Inaugurado em 2018 como centro cultural dedicado às obras do casal, o sobrado com mais de 200 anos de fundação ganha, agora, uma transposição para o ambiente virtual com a possibilidade de que se realize um tour através do novo site. A casa de dois pavimentos fica ao lado da residência de Carlos e Fani. No primeiro andar estão obras dele. No segundo, trabalhos dela. “Na nossa própria casa tem um porão onde ficam alguns trabalhos da Fani também. Em nossa casa tenho um ateliê no segundo andar, nos fundos, o último cômodo. A vista mais bonita é para os fundos. É lá que pinto”, conta Carlos, afirmando ter mantido a produção durante a pandemia.

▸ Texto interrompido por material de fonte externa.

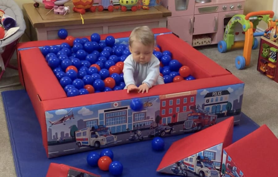 This is a soft play ball pool which velcro's together. this means it does not need a noisy blower to inflate it. Perfect for homes/small rooms.

‘Trabalhei muito e procurei caminhos’
Em fevereiro do próximo ano, Carlos e Fani Bracher completam meio século de pouso em Ouro Preto. Nesse tempo, no entanto, permaneceram voando pelo país e pelo mundo. A pandemia, como a todo mundo, forçou-os a uma pausa. No início, conta Fani, permaneceram na cidade histórica. “Trabalho estampa de santos e recebi muitos pedidos. Depois passei a fazer bordados, de que gosto muito, com poemas de Manoel de Barros, Guimarães Rosa. E bordar me faz ter um caminho interno, me dá um pouco de paz, como uma meditação. Nos seis primeiros meses foi mais tranquilo. Trabalhei muito e procurei caminhos, atalhos”, narra ela, que em seguida transferiu-se para a pequena Piau, onde foi criada.

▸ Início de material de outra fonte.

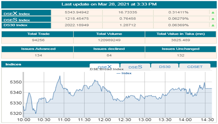 জানা গেছে, ডিএসই ব্রড ইনডেক্স আজ ১৬ পয়েন্ট বেড়ে অবস্থান করছে ৫ হাজার ৩৪৩ পয়েন্টে। আর ডিএসই শরিয়াহ সূচক শূণ্য দশমিক ৭৬ পয়েন্ট বেড়ে অবস্থান করছে ১ হাজার ২১৮ পয়েন্টে এবং ডিএসই–৩০ সূচক ১ পয়েন্ট বেড়ে অবস্থান করছে ২ হাজার ২২ পয়েন্টে।

Ainda protegida do caos provocado pelo coronavírus, a cidade a pouco mais de 40 km de Juiz de Fora não somava muitos casos de infecção quando por lá os Bracher passaram três meses. Hoje a realidade é outra e o casal retornou para Ouro Preto. “Passo aproximadamente todo o tempo recluso. Vou tentando ficar o mais possível dento de casa. Vamos driblando essa crueza de viver, um quase impedimento de viver. É um claustro forçado”, lamenta ele, sobre o momento em que estar on-line mostrou-se fundamental para os artistas. “Agora na pandemia isso se mostrou muito importante. Dá para participar de tudo sem aglomerações”, aponta Fani, que também mantém a pesquisa sobre pigmentos.
Rodando o mundo
A ideia, portanto, é que o Ateliê Casa Bracher seja o reflexo da movimentada rotina artística do casal. “De 2008 a 2018 fiz uma retrospectiva na Europa. Rodou no Museu de Arte Moderna de Moscou, num palácio em Frankfurt, outro em Praga, na Abadia de Leominster, no Reino Unido, num castelo em Düsseldorf, na Alemanha. Depois foi para Suíça, Estocolmo, Luxemburgo, Bruxelas. Foram dez lugares, um por ano. Concomitantemente, em 2014 e a 2015 rodou o Brasil a exposição do CCBB, ‘Pintura e Permanência'”, enumera Carlos, cuja mostra recebeu cerca de 450 mil pessoas, um recorde de montagem brasileira no Centro Cultural Banco do Brasil.
Aos 76, quatro a menos que o marido, Fani não se diz cansada. Prática e objetiva, comemora o aniversário do marido sem, contudo, tecer loas aos ponteiros do relógio. “Carlinhos tem uma cabeça muito boa. Eu sou mais realista e pessimista, como o Millôr Fernandes, que dizia que a partir de quando nascemos passamos a envelhecer. Temos que agradecer pela saúde muito boa que temos, pela cabeça muito boa que temos. Mas envelhecer não é tão maravilhoso”, afirma. Carlos ameniza, falando e sorrindo, como é seu costume: “Tem uns grilos normais, como os automóveis”.